Zhang 2023 (62)	Isch/hem	Subacute	57.20 ± 6.41	Cerebellum	The stimulus intensity was set to 80% of the active motor threshold. Stimulation was delivered as bursts of 3 pulses at 50 Hz, repeated at 5 Hz (2 s on and 8 s off) for a total of 600 pulses.	4 to 5 min/session, 5 times per week for 2 weeks.	EEG, HMDS, HAMA, MADRS, IDSSR, MMSE, MoCA, WMT, BNT	iTBS effectively regulated the cerebello-limbic-parietal circuit and alter microstate dynamics related to these regions, thereby enhancing emotional and cognitive functions.	Not reported

MCAO, Middle Cerebral Artery Occlusion; mNSS, Modified Neurological Deficit Score; MWM, Morris Water Maze; ELISA, Enzyme-Linked Immunosorbent Assay; LFB staining, Luxol Fast Blue Staining; IF staining, Immunofluorescence Staining; FJB staining, Fluoro-Jade B Staining; IHC staining, Immunohistochemistry Staining; HE staining, Hematoxylin-Eosin Staining; TEM, Transmission Electron Microscopy; tMCAO, Transient Middle Cerebral Artery Occlusion; SYN, Synaptophysin; PSD-95, Postsynaptic Density Protein 95; NORT, Novel Object Recognition Test; MRI, Magnetic Resonance Imaging; Isch, Ischemic; Hem, Hemorrhagic; DLPFC, Dorsolateral Prefrontal Cortex; RMT, Resting Motor Threshold; MoCA, Montreal Cognitive Assessment; BDNF, Brain-Derived Neurotrophic Factor; NGF, Nerve Growth Factor; fNIRS, Functional Near-Infrared Spectroscopy; MMSE, Mini-Mental State Examination Score; DST, Digit Span Test; WCST, Wisconsin Card Sorting Test; SDMT, Symbol Digit Modalities Test; WMS-RC, Wechsler Memory Scale-Revised in China; WAIS-RC, Chinese Revision of the Wechsler Adult Intelligence Scale; LOTCA, Loewenstein Occupational Therapy Cognitive Assessment; ERP, Event-Related Potential; EEG, Electroencephalography; HMDS, Hamilton Depression Scale; HAMA, Hamilton Anxiety Scale; MADRS, Montgomery-Asberg Depression Rating Scale; IDSSR, Depressive Symptom Self-Rating Scale; WMT, Working Memory Test; BNT, Boston Naming Test.
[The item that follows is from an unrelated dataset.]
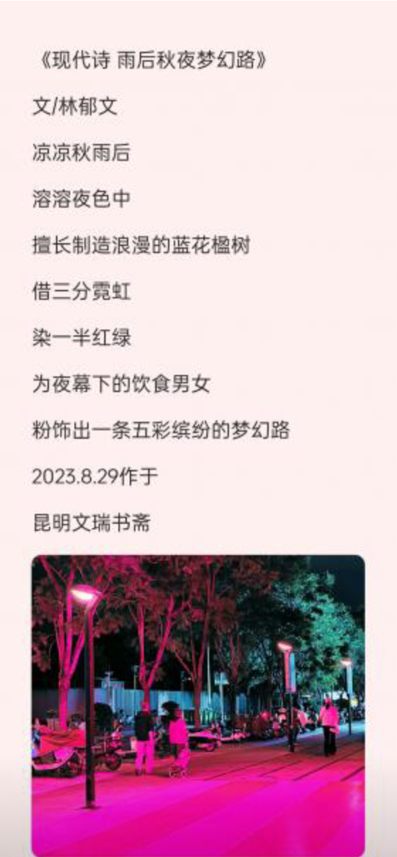 转载请注明:《《现代诗》雨后秋夜梦幻路(林郁文)》 复制链接

5.2. Transcranial electrical stimulation

TES administers a low-intensity electric current (1–4 mA) to the scalp, typically via two or more electrodes. According to the type of the applied current, TES can be categorized into tDCS, tACS, tRNS, transcranial pulsed current stimulation (tPCS), and temporal interference stimulation (TI) (63). The small size and portability of tDCS enhance its value as a neuromodulation tool (64). A clinical trial demonstrated that home-based tDCS with remote supervision can facilitate cognitive recovery in chronic stroke patients (65). When targeting deeper brain regions, such as the hippocampus (a region central to memory-related tasks) or the anterior cingulate cortex (a region involved in interference control), tDCS lacks sufficient penetration and focality to precisely target these areas without affecting the overlying cortex (66). However, the recently developed HD-tDCS can deliver a more focused current to the target region, partially addressing this limitation (67). Unlike TMS, tDCS does not directly trigger action potentials but modulates the resting membrane potential by regulating sodium-calcium channels and NMDARs, thereby altering the probability of neuronal discharge (68).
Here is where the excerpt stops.